[Items listed in a dataset]
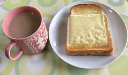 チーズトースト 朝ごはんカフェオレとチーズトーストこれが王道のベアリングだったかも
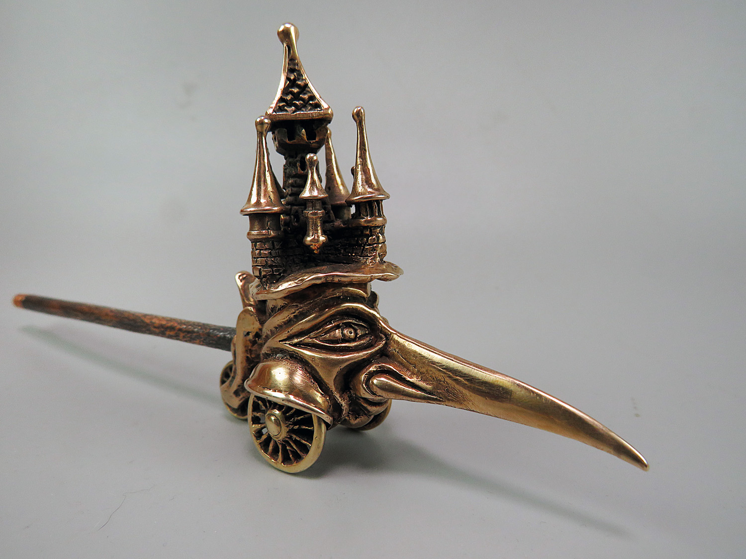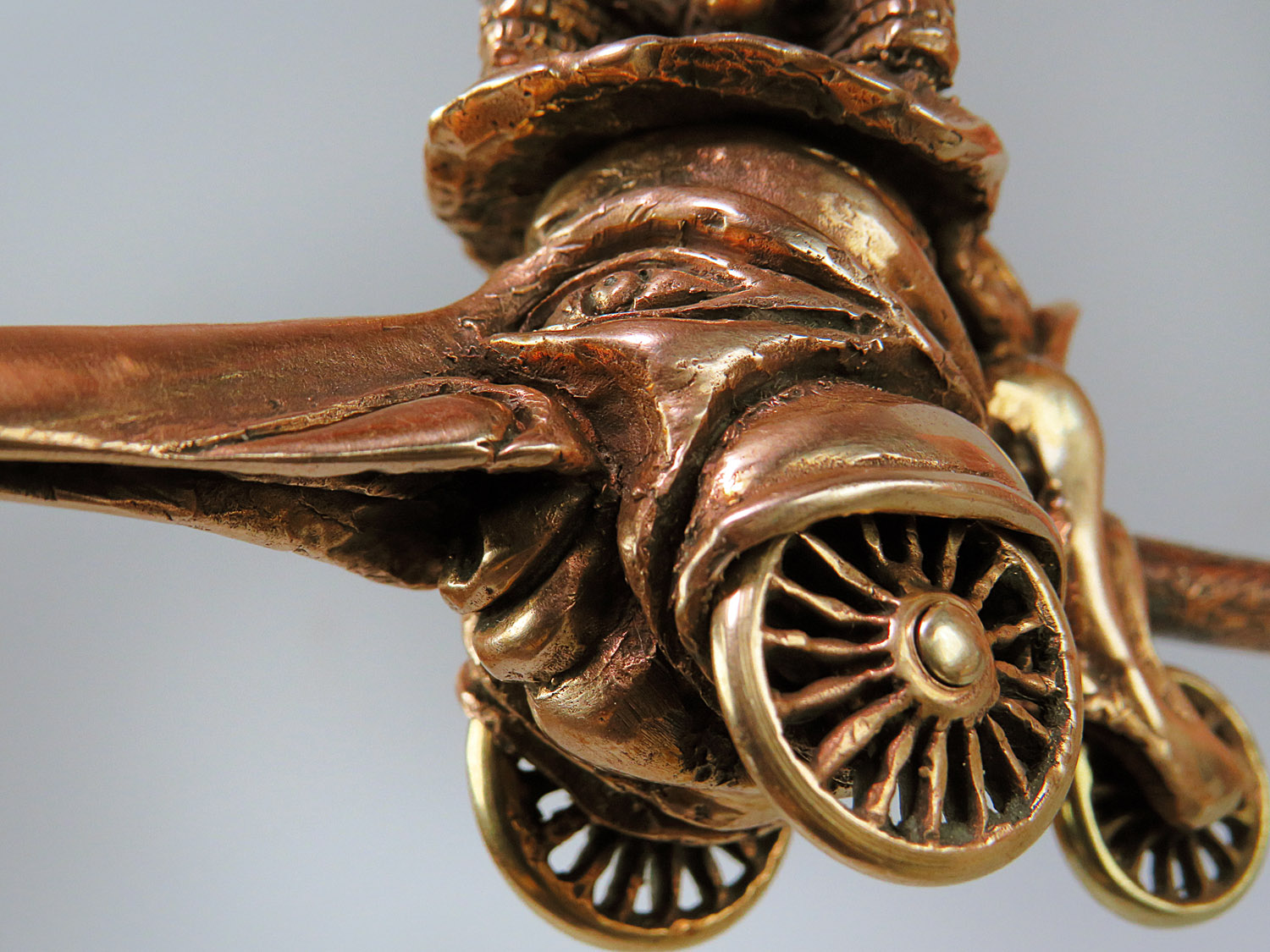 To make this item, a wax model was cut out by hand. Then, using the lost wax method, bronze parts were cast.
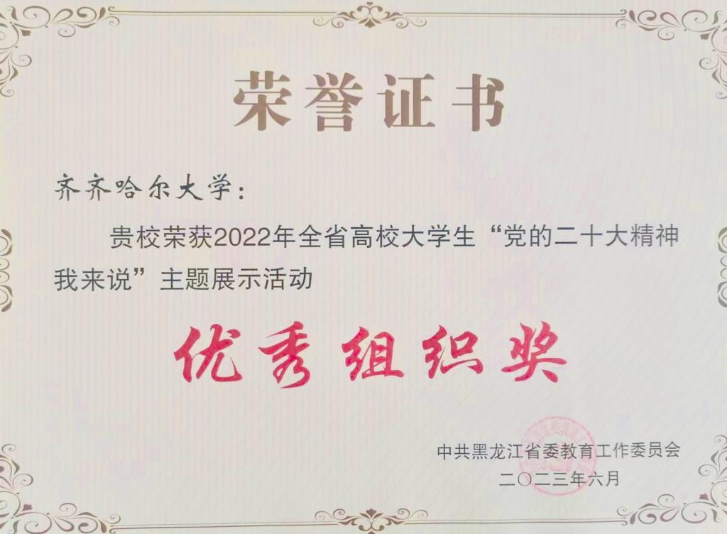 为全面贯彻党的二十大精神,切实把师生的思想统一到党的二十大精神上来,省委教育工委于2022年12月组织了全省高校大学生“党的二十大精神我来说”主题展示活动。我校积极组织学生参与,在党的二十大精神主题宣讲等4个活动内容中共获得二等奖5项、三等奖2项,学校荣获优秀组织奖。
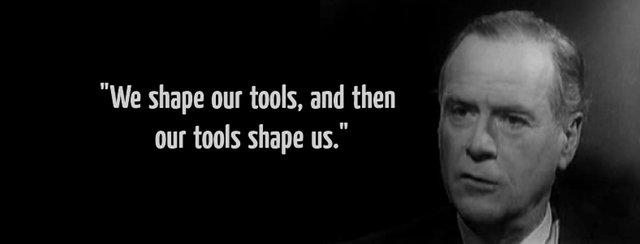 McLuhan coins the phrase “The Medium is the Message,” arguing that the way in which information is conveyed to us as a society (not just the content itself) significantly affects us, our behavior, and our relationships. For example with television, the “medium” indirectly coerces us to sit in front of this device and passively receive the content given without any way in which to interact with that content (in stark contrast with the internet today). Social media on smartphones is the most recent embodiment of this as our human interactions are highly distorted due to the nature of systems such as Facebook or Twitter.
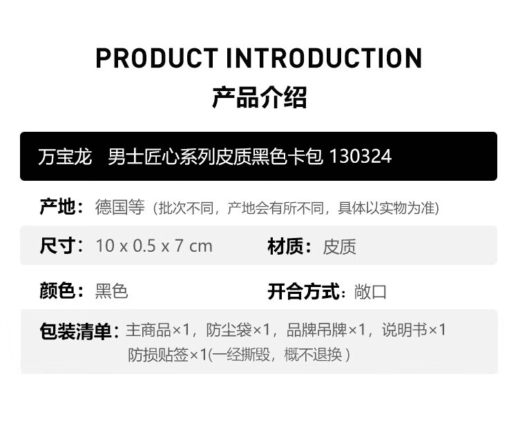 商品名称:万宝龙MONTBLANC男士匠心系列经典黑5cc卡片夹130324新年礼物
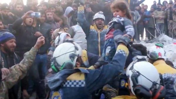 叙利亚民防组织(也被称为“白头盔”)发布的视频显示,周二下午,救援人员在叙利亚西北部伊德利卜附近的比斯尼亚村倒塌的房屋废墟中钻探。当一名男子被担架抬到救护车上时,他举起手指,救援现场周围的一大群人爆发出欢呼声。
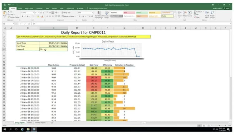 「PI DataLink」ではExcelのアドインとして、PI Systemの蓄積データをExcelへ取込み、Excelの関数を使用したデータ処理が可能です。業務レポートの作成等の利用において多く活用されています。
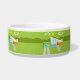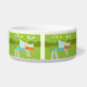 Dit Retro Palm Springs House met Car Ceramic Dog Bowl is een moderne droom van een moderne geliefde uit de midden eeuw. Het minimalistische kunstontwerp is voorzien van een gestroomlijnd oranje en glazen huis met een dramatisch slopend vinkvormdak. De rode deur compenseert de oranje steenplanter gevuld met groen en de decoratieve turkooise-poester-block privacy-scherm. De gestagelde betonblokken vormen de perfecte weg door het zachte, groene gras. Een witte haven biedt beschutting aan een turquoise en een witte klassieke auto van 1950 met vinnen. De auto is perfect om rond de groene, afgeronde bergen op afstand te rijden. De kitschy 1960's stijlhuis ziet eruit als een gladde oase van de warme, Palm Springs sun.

_What you should do_
Each line above is to be repeated exactly as written; no picture is carried over.

_Solved exercise_
 チーズトースト 朝ごはんカフェオレとチーズトーストこれが王道のベアリングだったかも
 To make this item, a wax model was cut out by hand. Then, using the lost wax method, bronze parts were cast.
 为全面贯彻党的二十大精神,切实把师生的思想统一到党的二十大精神上来,省委教育工委于2022年12月组织了全省高校大学生“党的二十大精神我来说”主题展示活动。我校积极组织学生参与,在党的二十大精神主题宣讲等4个活动内容中共获得二等奖5项、三等奖2项,学校荣获优秀组织奖。
 McLuhan coins the phrase “The Medium is the Message,” arguing that the way in which information is conveyed to us as a society (not just the content itself) significantly affects us, our behavior, and our relationships. For example with television, the “medium” indirectly coerces us to sit in front of this device and passively receive the content given without any way in which to interact with that content (in stark contrast with the internet today). Social media on smartphones is the most recent embodiment of this as our human interactions are highly distorted due to the nature of systems such as Facebook or Twitter.
 商品名称:万宝龙MONTBLANC男士匠心系列经典黑5cc卡片夹130324新年礼物
 叙利亚民防组织(也被称为“白头盔”)发布的视频显示,周二下午,救援人员在叙利亚西北部伊德利卜附近的比斯尼亚村倒塌的房屋废墟中钻探。当一名男子被担架抬到救护车上时,他举起手指,救援现场周围的一大群人爆发出欢呼声。
 「PI DataLink」ではExcelのアドインとして、PI Systemの蓄積データをExcelへ取込み、Excelの関数を使用したデータ処理が可能です。業務レポートの作成等の利用において多く活用されています。
 Dit Retro Palm Springs House met Car Ceramic Dog Bowl is een moderne droom van een moderne geliefde uit de midden eeuw. Het minimalistische kunstontwerp is voorzien van een gestroomlijnd oranje en glazen huis met een dramatisch slopend vinkvormdak. De rode deur compenseert de oranje steenplanter gevuld met groen en de decoratieve turkooise-poester-block privacy-scherm. De gestagelde betonblokken vormen de perfecte weg door het zachte, groene gras. Een witte haven biedt beschutting aan een turquoise en een witte klassieke auto van 1950 met vinnen. De auto is perfect om rond de groene, afgeronde bergen op afstand te rijden. De kitschy 1960's stijlhuis ziet eruit als een gladde oase van de warme, Palm Springs sun.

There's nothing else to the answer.